Well, not really. This is what people say to be polite at the end of a disappointing date, when they don’t want to see you again.  If she wanted to see you again, she would have said something about making plans for a second date.

-We had a nice conversation over dinner. I don’t think I’m being delusional in saying this statement.

We had a conversation! You did not flee in horror! Therefore you must have my babies!!!

In my opinion, leading someone on (i.e., giving mixed signals) is impolite and immature. It’s bad to do that.

And sending someone who clearly wants nothing to do with you a long, creepy, accusatory tirade is polite?

Normally, I would not be asking for information if a woman and I don’t go out again after a first date. However, in our case, I’m curious because I think our date went well and that there is a lot of potential for a serious relationship. 

Dude, you do understand that she has to actually like you too in order for there to be a relationship?

I think we should go out on a second date. In my opinion, our first date was good enough to lead to a second date.

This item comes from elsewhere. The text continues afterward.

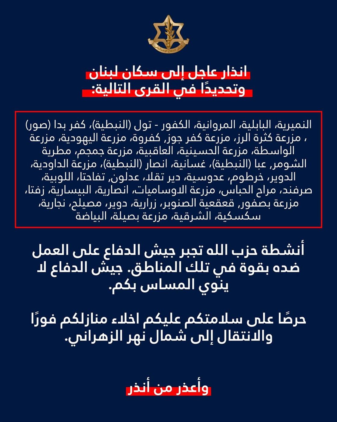 أضاف: "أنشطة حزب الله تجبر الجيش الاسرائيلي على العمل ضده بقوة في تلك المناطق. الجيش الاسرائيلي لا ينوي المساس بكم. حرصًا على سلامتكم عليكم اخلاء منازلكم فورًا والانتقال إلى شمال نهر الزهراني".
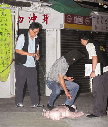 晚上7时45分,另一名身高穿灰黑色间条T恤及牛仔裤、身高约6尺的疑犯,也被重案组探员以黑头套蒙头,及带同一个假人押回现场,在案发小店对面空地重组案情。其间疑犯曾以拳头向假人作袭击状,探员则在旁录像,一行人逗留约半小时才离去。

You cannot argue someone into a second date! That’s not how it works.

Why am I writing you? Well, hopefully, we will go out again. Even if we don’t, I gain utility from expressing my thoughts to you.

Gain utility? Really? DATING IS NOT MICROECONOMICS!

In addition, even if you don’t want to go out again, I would like to get feedback as to why you wouldn’t want to go again. Normally, I wouldn’t ask a woman for this type of feedback after a first date, but this is an exception given I think we have a lot of potential.

Well, banker dude. You’re getting some feedback now. All over the internet.

If you don’t want to go again, then apparently you didn’t think our first date was good enough to lead to a second date. Dating or a relationship is not a Hollywood movie. It’s good to keep that in mind. In general, I thought the date went well and was expecting that we would go out on a second date.

So your argument is that she should go out with you, even though she doesn’t want to go out with you, because life isn’t perfect and you’re probably the best she really deserves?

Way to sell yourself, dude.

If you’re not interested in going out again, then I would have preferred if you hadn’t given those mixed signals. I feel led on.

Well, she’s not really responsible for you thinking that every woman who twirls her hair in your presence wants to have your babies.

We have a number of things in common.

Oh dear, sounds like we’ve got another “logical” argument coming up here.

I’ll name a few things: First, we’ve both very intelligent. Second, we both like classical music so much that we go to classical music performances by ourselves. In fact, the number one interest that I would want to have in common with a woman with whom I’m in a relationship is a liking of classical music. I wouldn’t be seriously involved with a woman if she didn’t like classical music. You said that you’re planning to go the NY Philharmonic more often in the future. As I said, I go to the NY Philharmonic often. You’re very busy. It would be very convenient for you to date me because we have the same interests. We already go to classical music performances by ourselves. If we go to classical music performances together, it wouldn’t take any significant additional time on your part.

Um, what?

I have no clever remark to make here, other than that Lauren is probably going to have to avoid going to the Philharmonic ever again, on the off chance she might run into banker Mike.

According to the internet, you’re 33 or 32, so, at least from my point of view, we’re a good match in terms of age.

YOU ARE RIGHT AGE. INTERNET SAYS SO. THEREFORE YOU MUST DATE ME.

 I could name more things that we have in common, but I’ll stop here. I don’t understand why you apparently don’t want to go out with me again. We have numerous things in common.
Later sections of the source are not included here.